On Sunday I had a melt down, emotionally I just completley hit rock bottom. I was tired, sad and over it. I miss my Dad and I just need and want my own space. The house end dates keeps getting pushed out further and further and I just feel so stuck and crammed in where we are living. I find it so hard to to not feel useless due to the fact I don't have my own space etc. I also just miss being able to go home and blob on the sofa and relax. If I want to do this I have to go to my room and well its just not the same. I also feel like everything about our lives is discussed with everyone and well.. THERE is NOOO need for everyone to have input into us buying things. I have got to the point where I just go and buy things for the house and don't say a word.
SOO I cried and cried and cried. The Fiance just cuddled me and made me feel better. He is a sweetie as he gets that things are bloody hard for me at times and I just can't do it anymore. The house has been pushed back to the 19th of February, thats completion then we need to obtain code of compliance. So that means there is a chance it maybe March... yes I just write March, before we move into the house. That is is if they don't make up the time and things in the new year.

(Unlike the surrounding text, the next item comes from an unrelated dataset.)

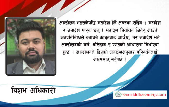 आन्दोलन भइसकेपछि मतादेश हेर्ने अवस्था रहँदैन । मतादेश र जनादेश फरक छन् । मतादेश निर्वाचन जितेर आउने जनप्रतिनिधिले बनाउने कानूनबाट आउँछ, तर जनादेश भने आन्दोलनको मर्म, बलिदान र रगतको आधारमा निर्धारण हुन्छ । आन्दोलनले दिएको जनादेशअनुसार परिवर्तनलाई आत्मसात् गर्नुपर्छ । यसमा नियम, कानून वा अन्य औपचारिक बाध्यताले रोक लगाउन सक्दैन । आन्दोलनले राखेको माग नै मार्गनिर्देशनको आधार हो र त्यसैअनुसार अघि बढ्नु नै लोकतन्त्र र वास्तविक जनशक्ति सम्मान गर्ने अभ्यास हो । नेपालमा २०४६ सालको जनआन्दोलन एउटा उदाहरण हो, त्यतिबेला जनताको व्यापक आन्दोलनले बहुदलीय लोकतन्त्र फर्काउन मात्र नभई, जडवत र गैर–जिम्मेवार शासन प्रणालीको अन्त्य गर्न जनादेश दिएको थियो । आन्दोलनको दबावमा तत्कालीन राजा वीरेन्द्रले सत्ता हस्तान्तरण गर्न बाध्य भए र नयाँ सरकार गठन भयो । यस आन्दोलनले दिएको जनादेश कानून, निर्वाचनको प्रत्यक्ष आदेश भन्दा माथि जनताको माग अनुसार शासन संरचना सुधार्नुपर्ने बाध्यता सिर्जना भयो । यदि त्यतिबेला मात्र जनमत संग्रहको मतादेश हेर्ने हो भन्ने सोच राखिएको भए, आन्दोलनको बलिदान र रगतको मूल्य बिर्सनु पर्ने थियो ।

Food was dreadful on Sunday as well. I just ate tried to squash the feelings with food. By the good grace of things, I had helped a friend move in the morning so I has moved a fair bit by the time this eating began.
I weighed in today.
Highest weight 101
Last weeks weight 99.4
Todays weight 98.6
Loss 800 grams.. Ill take that and move one.
I need to just keep focused.
I have also stopped having protein shakes for breakfast and have gone back to burcher musli.
I think all the protein may have been a bit much and I wonder if it is why I have these huge waves of being SO tired.